**Task directions**. Using the data below, output a verbatim copy of the lines between the one holding "Nigikala Nigikala And" and the one holding "標題 | [11500291]", inclusive, without any pictures.

**Data supplied**.
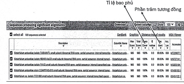 “Percent identity = phần trăm tương đồng”: đạt từ 95 - 100%
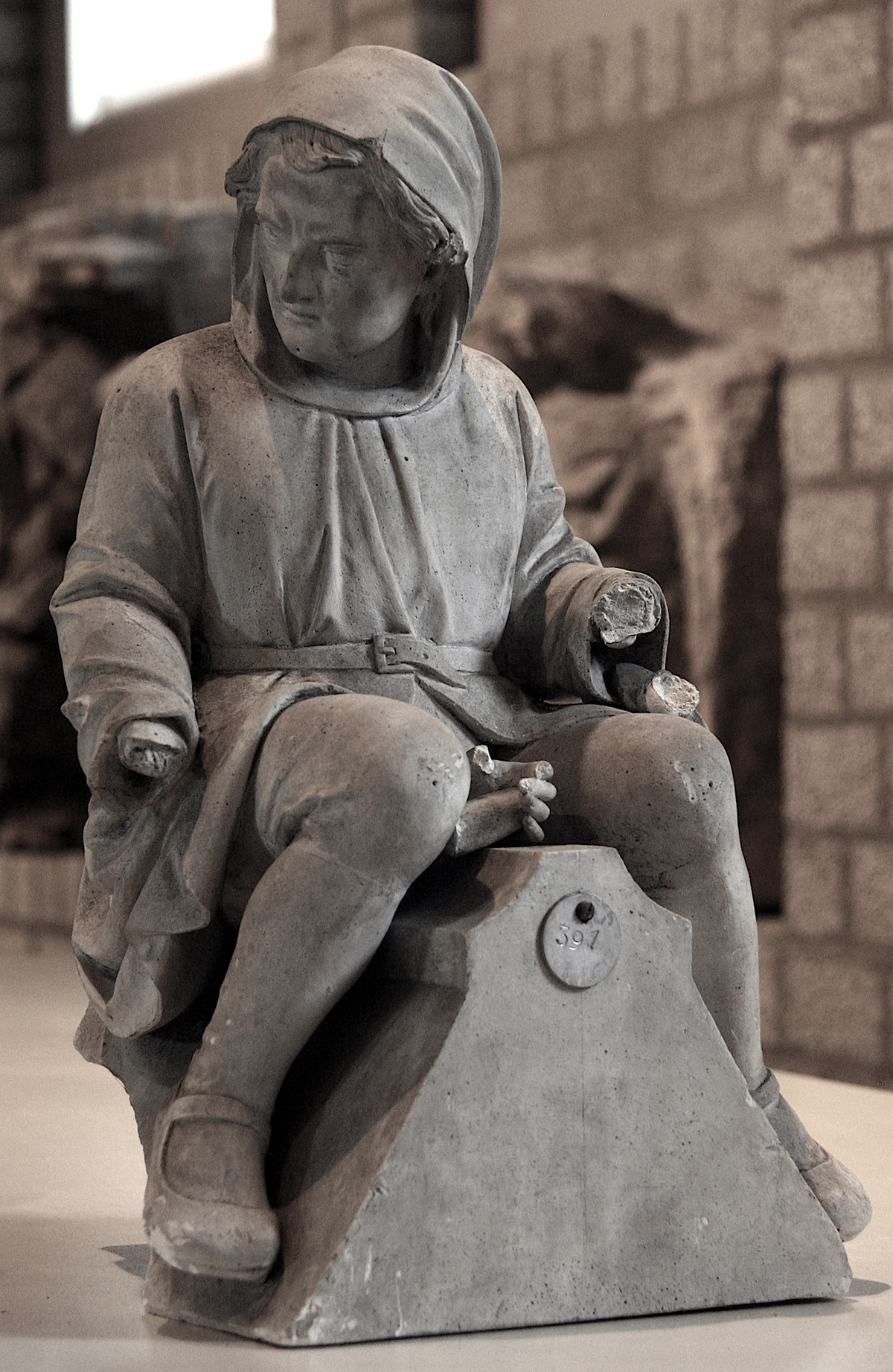 Model voor het nieuw figuur dat bij de restauratie van de luchtbogen in 1868-1873 op de plaats kwam voor het originele beeld.
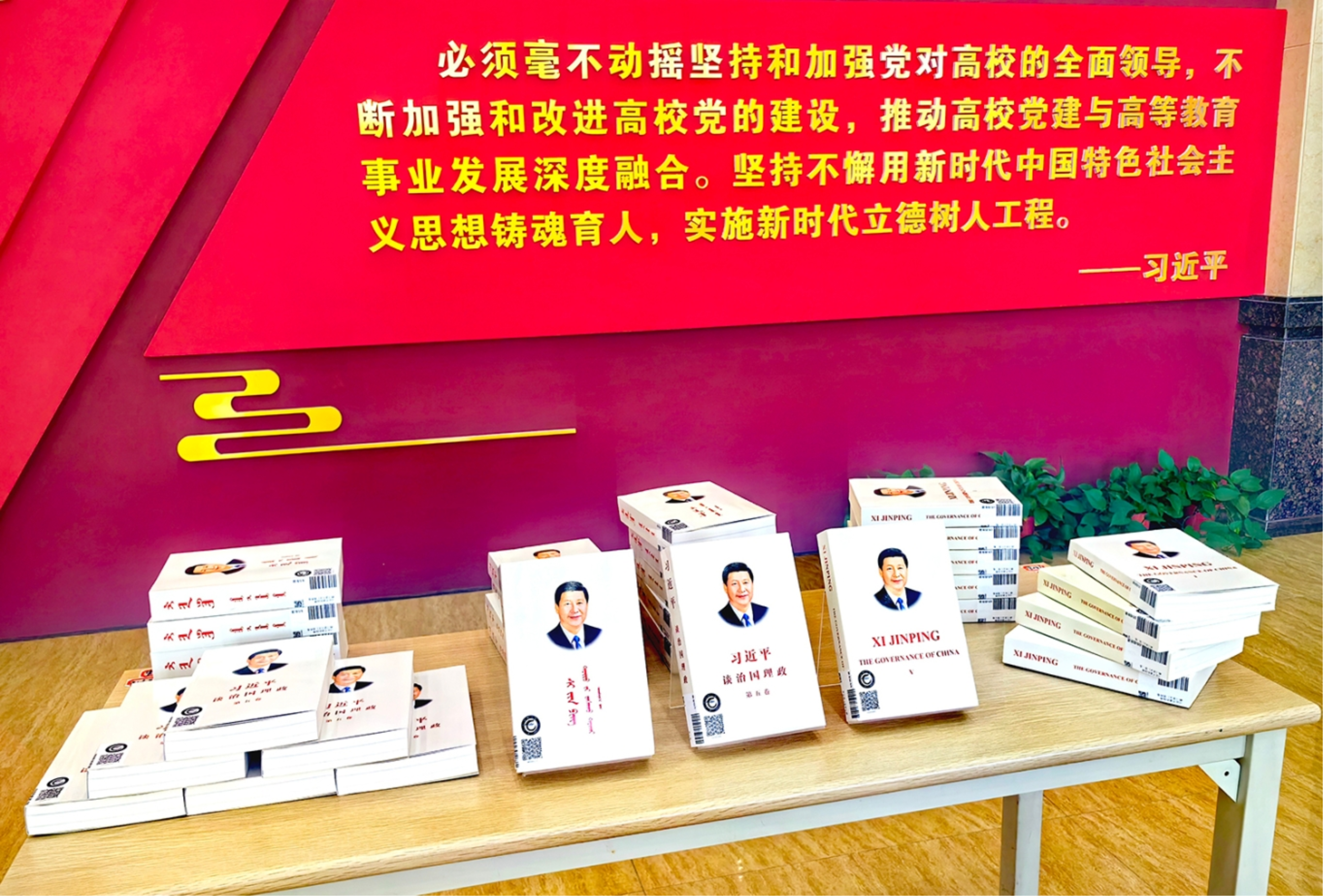 活动中,党员们梳理了馆藏《习近平谈治国理政》文献资源,将挑选出的中文版、蒙文版、英文版《习近平谈治国理政》第一至五卷摆放至图书馆南门厅红色阅读区,以方便广大师生借阅和学习。随后,大家围绕深刻把握《习近平谈治国理政》第五卷的时代背景和核心要义,深入领会习近平总书记在领导推进新时代治国理政实践中提出的具有原创性、时代性、指导性的思想进行了学习和讨论;格日乐和王菲两位党员还利用自身优势,分别用蒙、英两种语言为大家朗读了《习近平谈治国理政》第五卷的部分内容。大家一致表示,要把学习成效转化为行动自觉,切实把学习贯彻《习近平谈治国理政》第五卷转化为工作岗位上的生动实践。
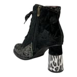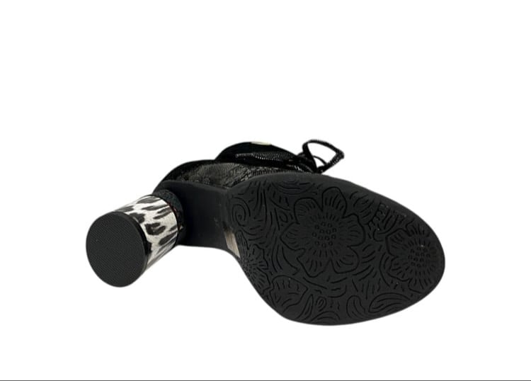 Leather upper. Microfibre lined. Rubber sole. Inside zipper. Adjustable laces. 2.5” heel. Reg price $235
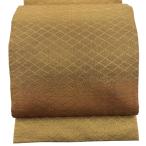 美品 袋帯 秀品 段縞 菱 金通し 山吹茶色 六通 正絹 中古
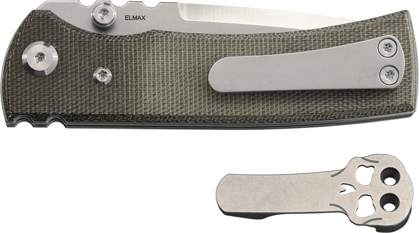 4″ (10.16cm) closed. 3″ (7.62cm) satin finish Elmax steel drop point blade. Green canvas micarta handle. Thumb stud. Comes with traditional and Chaves skull pocket clip. Boxed.
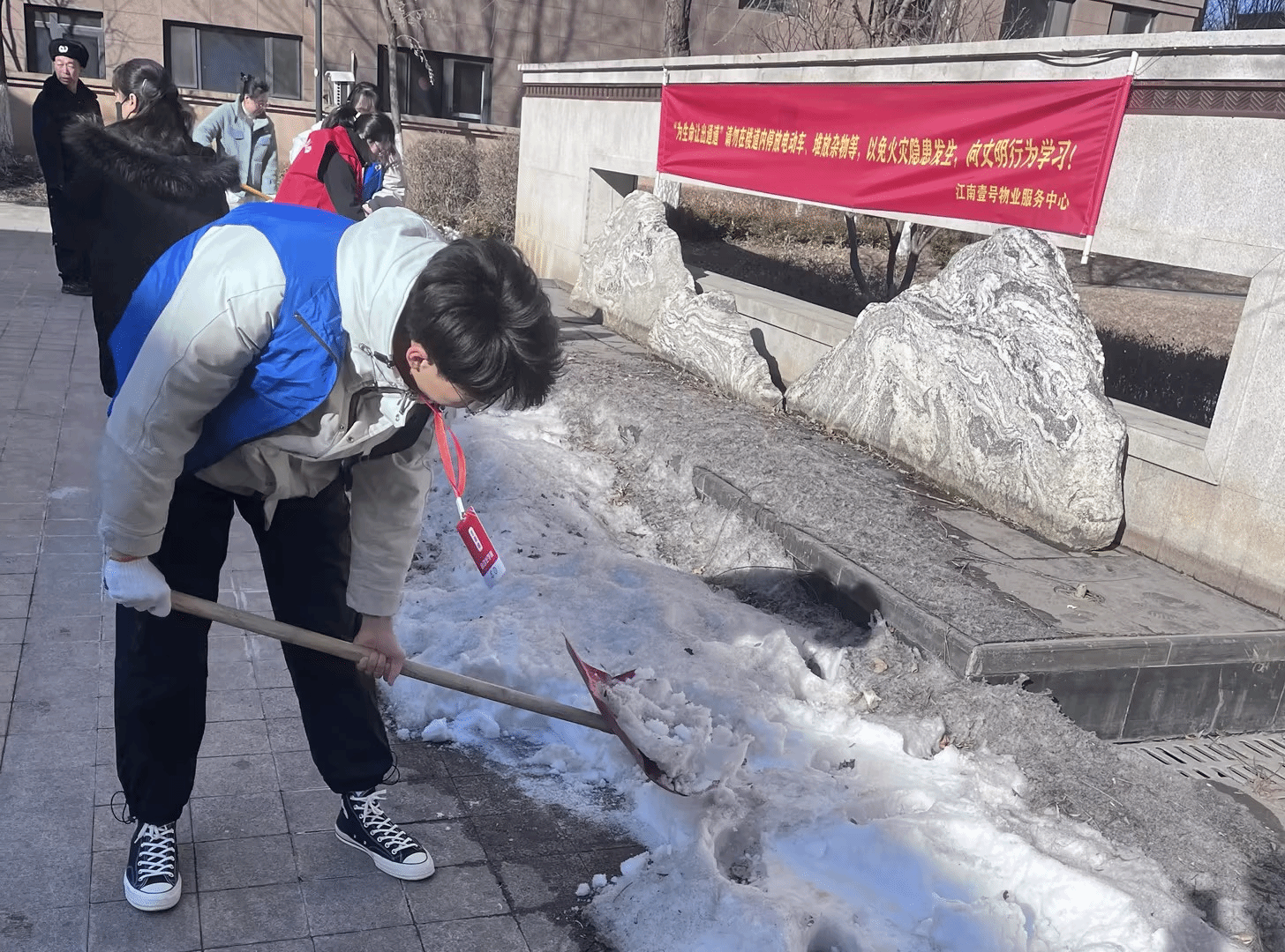 活动中,青年志愿者们深入小区内部公共区开展清扫、除冰活动,他们手拿垃圾钳等卫生工具,分工明确、互相配合,捡拾道路上及绿化带中的纸屑、烟头、塑料瓶、塑料袋等各类垃圾并铲除绿化带内积雪。青年志愿者们努力实现对环境的净化、绿化、美化,为社区营造“人人有责、人人尽力、人人作为”的爱护环境氛围,并为当地居民营造更加清洁、美丽的居住环境。
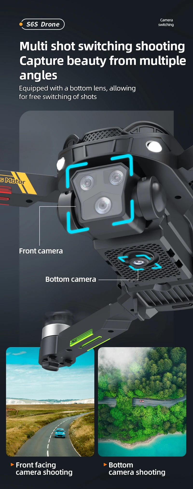 1. The front lens is placed with wide-angle 8K high-definition WIFI, and the optical flow high-definition lens at the bottom can switch the camera angle. The servo gimbal design increases stability, adding EIS electronic anti-shake, the picture lines are clearer.
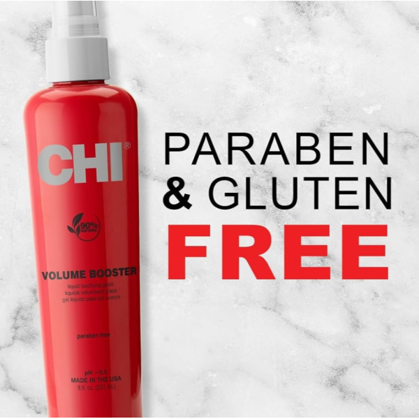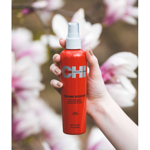CHI Volume Booster 237 мл — це професійний прикореневий спрей, який допомагає створити об’єм біля коренів, щільність і виразну укладку без ефекту склеювання. Засіб піднімає волосся від коренів, надає йому візуальну густоту, гладкість і блиск, а також забезпечує еластичну фіксацію, зберігаючи рухливість зачіски. Формула підходить для щоденного використання і не обтяжує волосся, що робить спрей ідеальним для тонкого та позбавленого об’єму волосся.
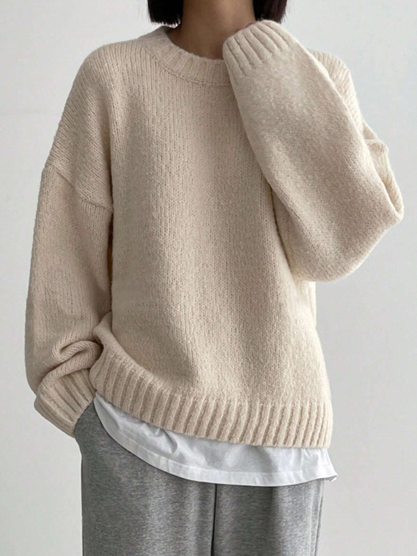 Nigikala Nigikala And Winter Languid Wind Round Collar Plus Thick Solid Color Knitted Women's Autumn And Winter European Hood Long-Sleeved Sweater Top
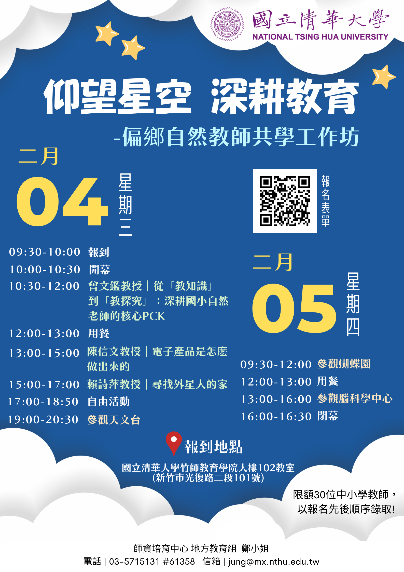 | [類別] 標題 | [11500291] 檢送國立清華大學辦理「仰望星空.深耕教育—偏鄉自然教師共學工作坊」宣傳海報,敬請鼓勵相關教師(含代理、代課、實習教師和師資生)踴躍報名參加,請查照。 | ||
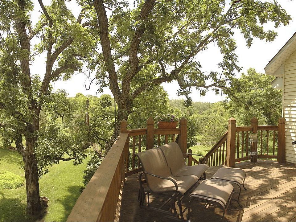 Fabulous rambler located on a prime lot backed up to Coon Creek with a walking path bordering the far back lot line featuring trees, wildlife - a spectacular private lot with beautiful views year around. This main level of this home was totally gutted in 1999 with new everything – kitchen baths, appliances, flooring, walls, doors, hardware. The open layout is bright and sunny and terrific for entertaining. The kitchen walks out to a tree like wraparound deck and the lower level walks out to a gorgeous paver patio with beautiful landscaping and in-ground sprinkler. Besides a main level master suite and bedroom, there is also an office with a wall of built-ins. The entire home features the latest in designer colors. A 6 x 6 mudroom leads to the garage. There are speakers with controls in every room of the home on the main level. The interior décor was designed by a professional interior designer with an eye for style and detail. Pride of ownership shines inside and out. Main Level: eat in kitchen 13 x 20; mudroom 6 x 6; living room 13 x 13; dining room 11 x 13; den 11 x 13; bedroom 12 x 21; bedroom 12 x 13 Lower Level: amusement room 18 x 33; recreation room 13 x 22 bedroom 13 x 16 3/4 bath, Huge Closet, huge storage Lower level freezer and refrigerator do not stay Hot tub does not stay
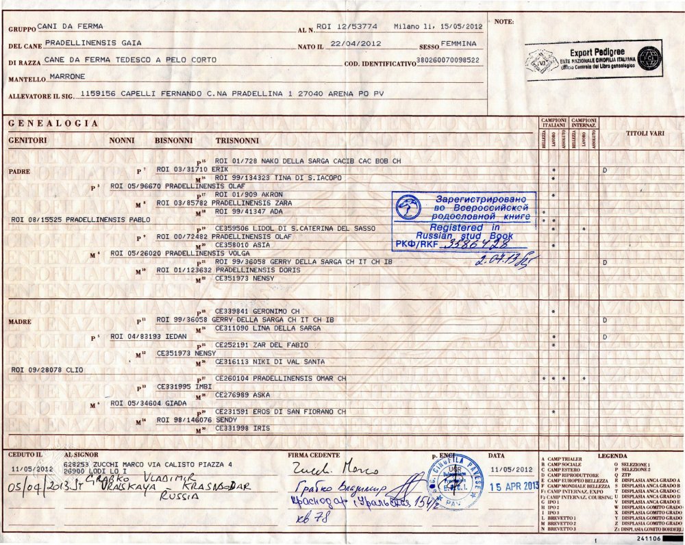 Мать щенка: Полевой Чемпион Pradellinensis Gaia Ее профиль на хантдоге: http://huntdogs.ru/dog_details.php?bc_tovar_id=42936 Но в профиле не отражены ее победы в состязаниях по международным правилам: CACT и CACIT на международных состязаниях по перепелу.
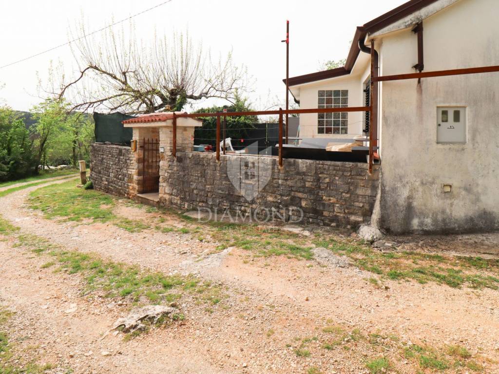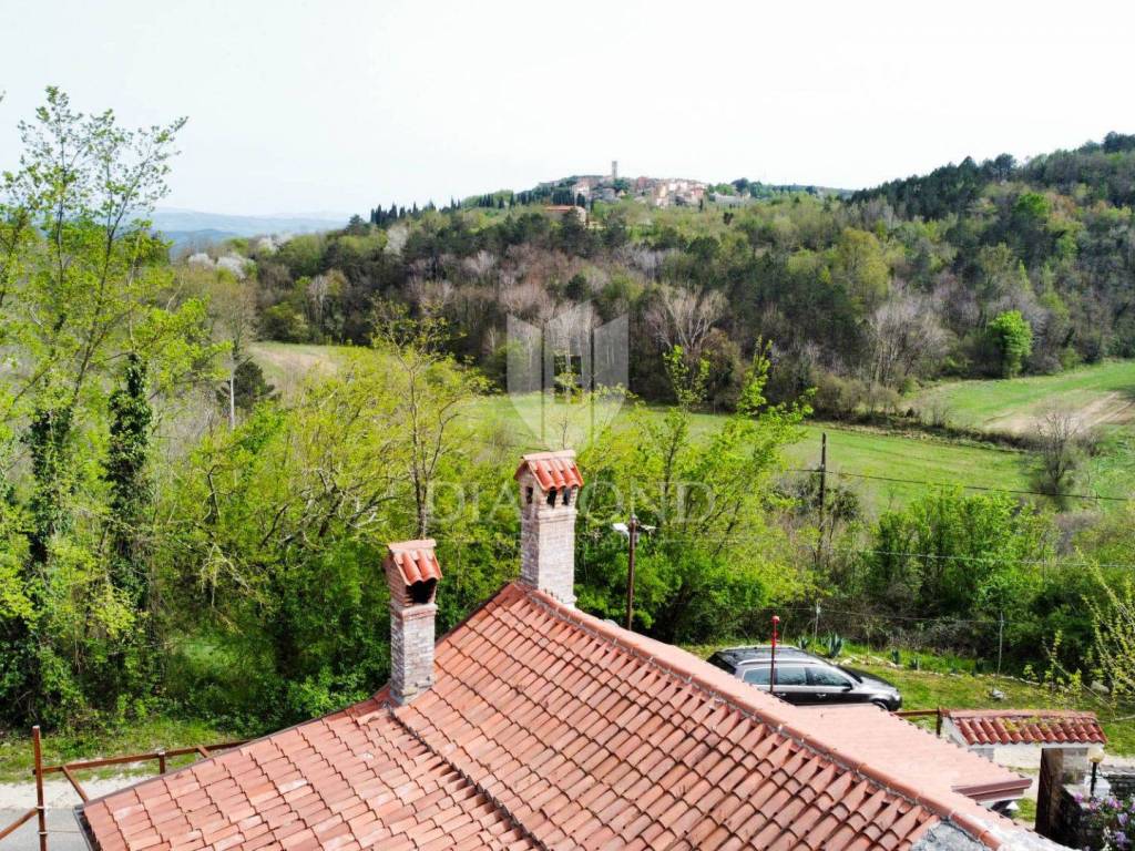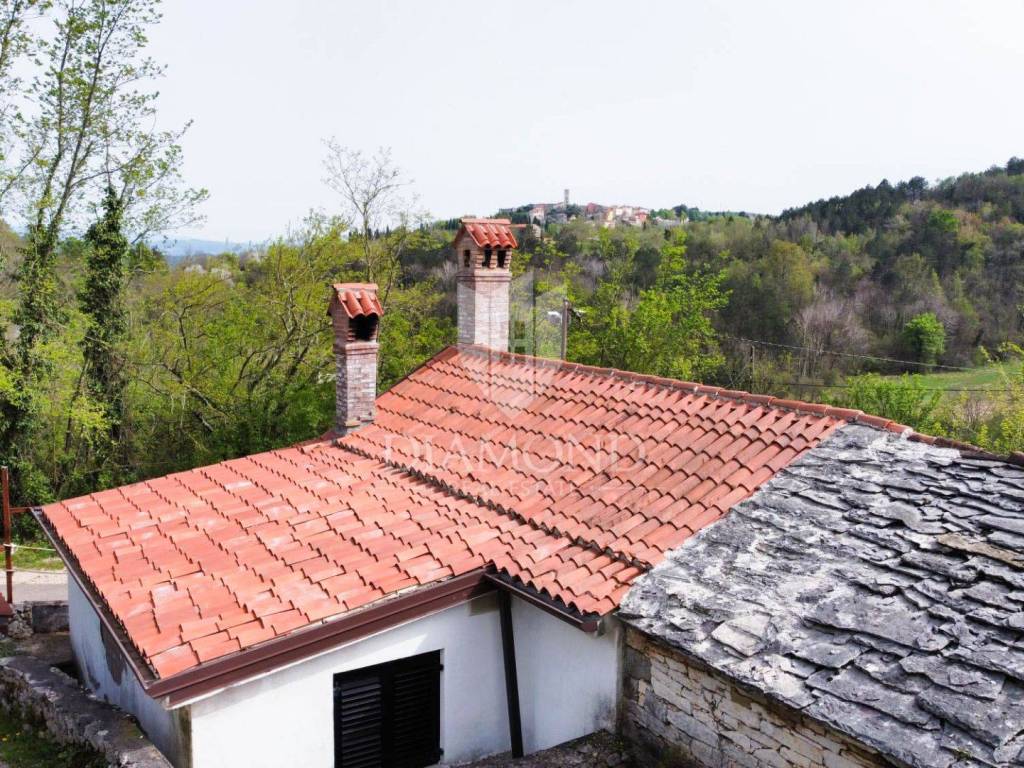 Istria, Oprtalj, Surroundings Beautiful small house for sale with a view of Oprtalj. The house is located in a quiet place surrounded by nature. The house consists of an entrance, a living room with a wood-burning fireplace, a bedroom, a bathroom and a kitchen. The garden is surrounded by a stone wall, from the garden there is a beautiful view of Oprtalj. The property needs to be partially adapted. Heating is by means of central gas and classic wood. It is an opportunity for people who are looking for a small property in nature and who like to stay in the fresh air. In the surrounding area, there are well-known agrotourisms with a large selection of wines and dishes from traditional Istrian cuisine. The location is also ideal for cyclists, there are several cycling paths marked on the maps. The property can be lived in for the whole year or an investment for tourist rental as an additional income. The property is only a few minutes away from the center of Oprtlje, 16 km from Buje, and 29 km from Umag and the sea.
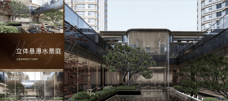 下沉式环幕庭院,跌水景观环绕,池底仿黑金砂与宝石晶片闪烁,点缀百余灯珠,师法“琉璃水光” 形意,糅合视听五感,打造全浸式立体园境,天工巧夺,嘉定未见。

**Solution**.
 Nigikala Nigikala And Winter Languid Wind Round Collar Plus Thick Solid Color Knitted Women's Autumn And Winter European Hood Long-Sleeved Sweater Top
 | [類別] 標題 | [11500291] 檢送國立清華大學辦理「仰望星空.深耕教育—偏鄉自然教師共學工作坊」宣傳海報,敬請鼓勵相關教師(含代理、代課、實習教師和師資生)踴躍報名參加,請查照。 | ||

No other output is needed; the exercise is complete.